** Exercise aim **
Please give back the listing below word for word and drop any images.

** Exercise data **
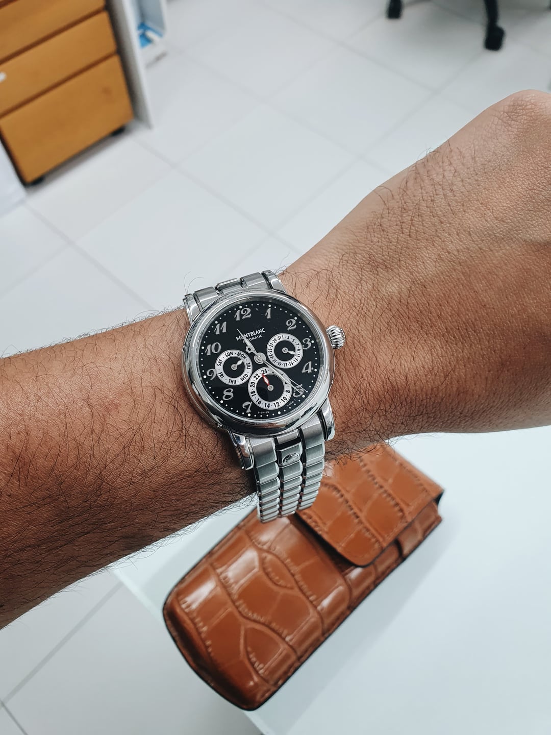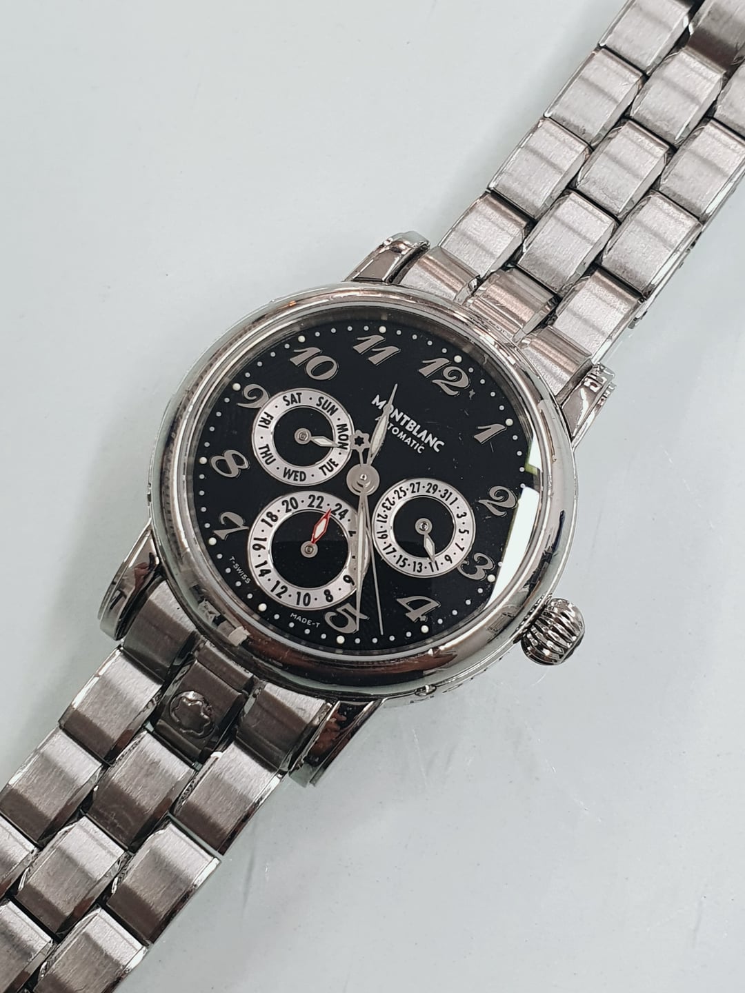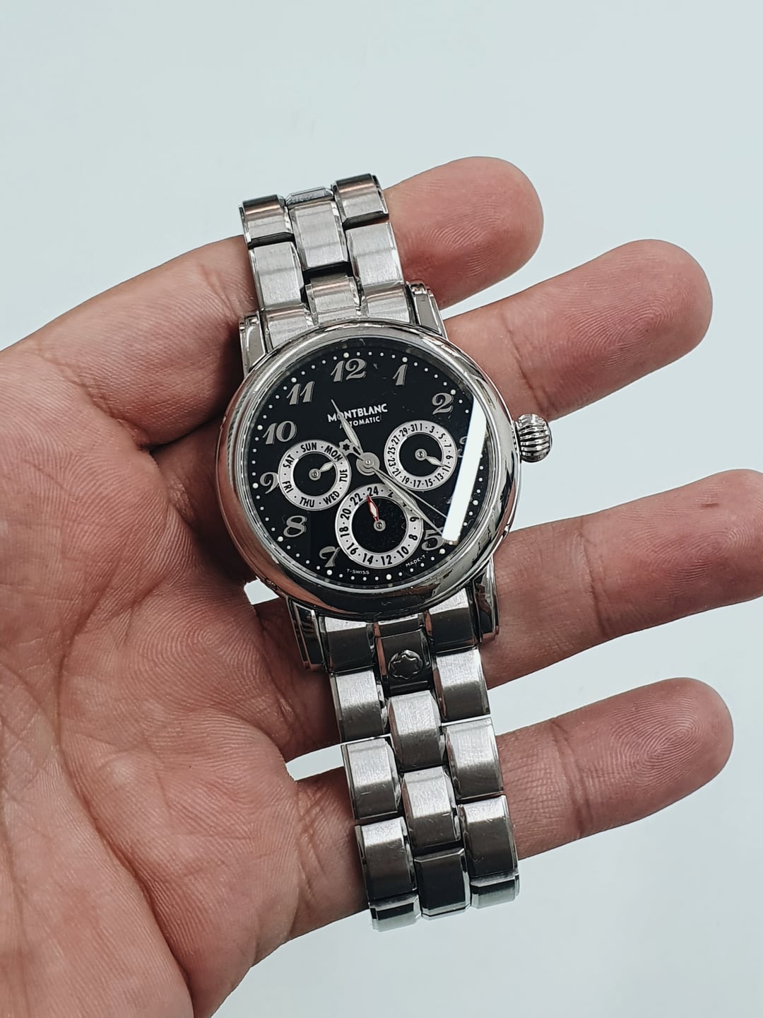 In my opinion, this is easily one of the best Montblanc pieces when it comes to value for money. You get a GMT sundial, date, and day for less than $2,000 – not bad. Plus, it comes with the original stainless steel bracelet, which isn’t something you see too often with these. **Condition:** Good. The case has a ton of hairline scratches, but overall it’s in good condition. The dial is pristine. The bracelet will fit a wrist of up to 7.25 inches. See detailed photos for full condition and clarity. **Case Size:** 38 x 46.7 mm stainless steel case with a thickness of 13.1mm and a lug width of 19mm. **Crystal:** Sapphire **Movement:** Montblanc MB24.01, based on the ETA 2892 with a dual time module. Automatic with a beat rate of 28,880 bph and a power reserve of 42 hours. I got it from a very skilled watchmaker, but I’m unsure of its service history. Everything works perfectly. **Price:** Asking $1,500. Please add $100 for worldwide shipping. Payment methods include Wise, ACH transfer, Revolut, Bitcoin (On-Chain or Lightning), or PayPal G&S for buyers with solid references. Add +6% for currency conversion fees on the latter. I’m located in Portugal, but worldwide shipping isn’t an issue. Established seller with over 220 transactions – buy with confidence! Make sure to follow me on Instagram (@daily.worn) to check out the newest additions. Happy to answer serious inquiries. No trades, no lowballs. [Pictures](https://imgur.com/a/FLGXxFR) [Timestamp](https://imgur.com/a/u1qY5Ug)
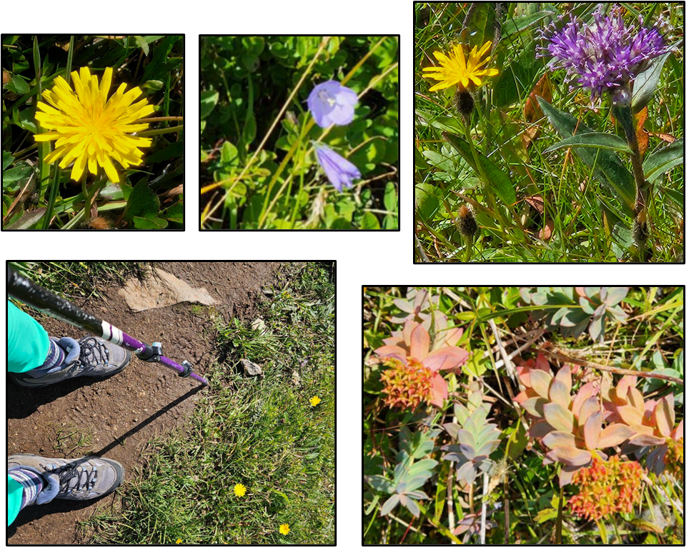 Here are some pictures Patti took of me along the hike. She also took a picture of this guy (top left) whose path we crossed along the trail. Typically, hikers are carrying backpacks. This guy was carrying a grocery bag — quite an unusual accessory on a hike we thought.
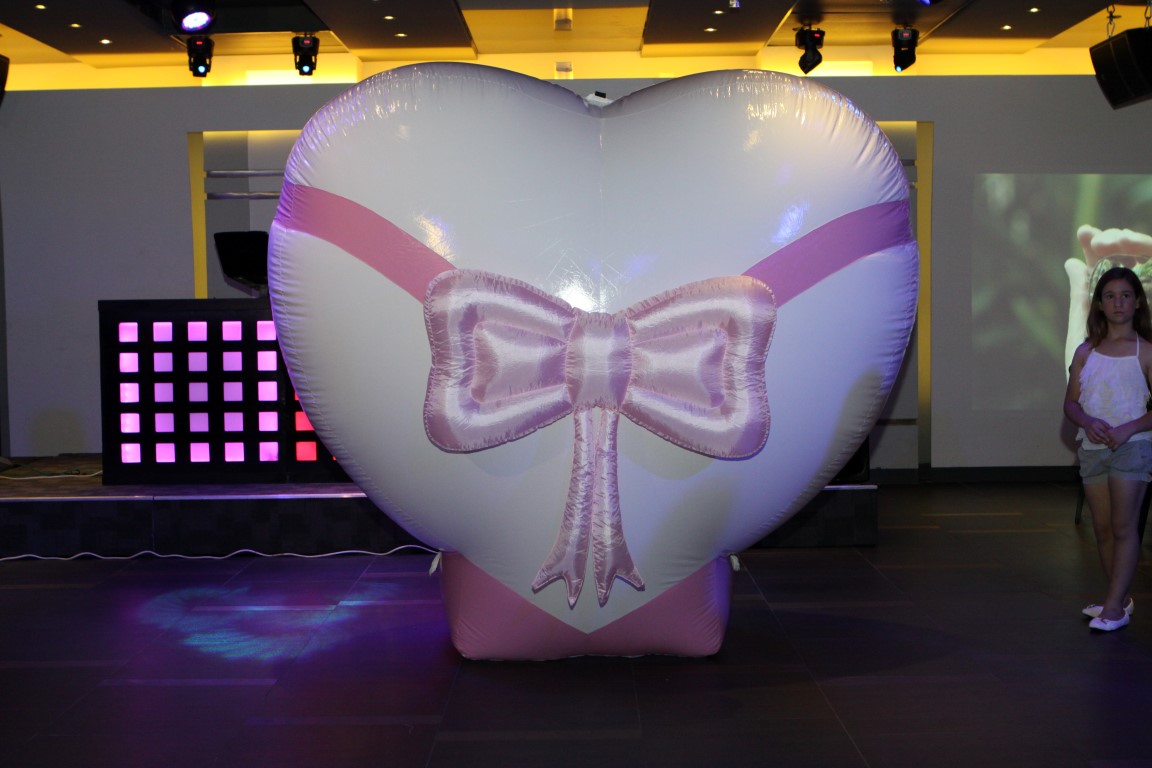 במרכז הבמה, לצלילי מוסיקה מרגשת, מוצג לב ורוד וענקי, עטוף בסרט מתנה, אשר מואר באור יקרות ובזרקורים צבעוניים.
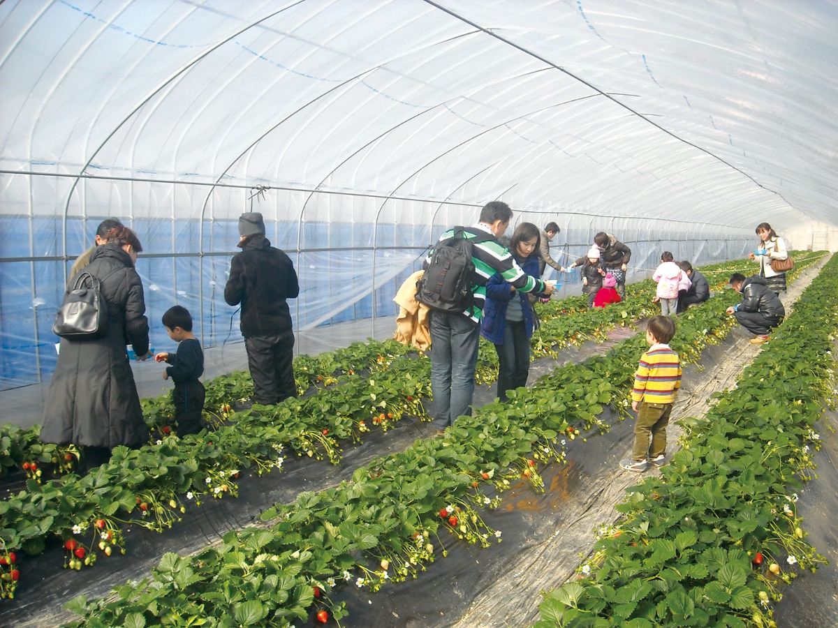 予約不要・先着順でいちご狩りができる「農業公園信貴山のどか村」。

** Task response **
 In my opinion, this is easily one of the best Montblanc pieces when it comes to value for money. You get a GMT sundial, date, and day for less than $2,000 – not bad. Plus, it comes with the original stainless steel bracelet, which isn’t something you see too often with these. **Condition:** Good. The case has a ton of hairline scratches, but overall it’s in good condition. The dial is pristine. The bracelet will fit a wrist of up to 7.25 inches. See detailed photos for full condition and clarity. **Case Size:** 38 x 46.7 mm stainless steel case with a thickness of 13.1mm and a lug width of 19mm. **Crystal:** Sapphire **Movement:** Montblanc MB24.01, based on the ETA 2892 with a dual time module. Automatic with a beat rate of 28,880 bph and a power reserve of 42 hours. I got it from a very skilled watchmaker, but I’m unsure of its service history. Everything works perfectly. **Price:** Asking $1,500. Please add $100 for worldwide shipping. Payment methods include Wise, ACH transfer, Revolut, Bitcoin (On-Chain or Lightning), or PayPal G&S for buyers with solid references. Add +6% for currency conversion fees on the latter. I’m located in Portugal, but worldwide shipping isn’t an issue. Established seller with over 220 transactions – buy with confidence! Make sure to follow me on Instagram (@daily.worn) to check out the newest additions. Happy to answer serious inquiries. No trades, no lowballs. [Pictures](https://imgur.com/a/FLGXxFR) [Timestamp](https://imgur.com/a/u1qY5Ug)
 Here are some pictures Patti took of me along the hike. She also took a picture of this guy (top left) whose path we crossed along the trail. Typically, hikers are carrying backpacks. This guy was carrying a grocery bag — quite an unusual accessory on a hike we thought.
 במרכז הבמה, לצלילי מוסיקה מרגשת, מוצג לב ורוד וענקי, עטוף בסרט מתנה, אשר מואר באור יקרות ובזרקורים צבעוניים.
 予約不要・先着順でいちご狩りができる「農業公園信貴山のどか村」。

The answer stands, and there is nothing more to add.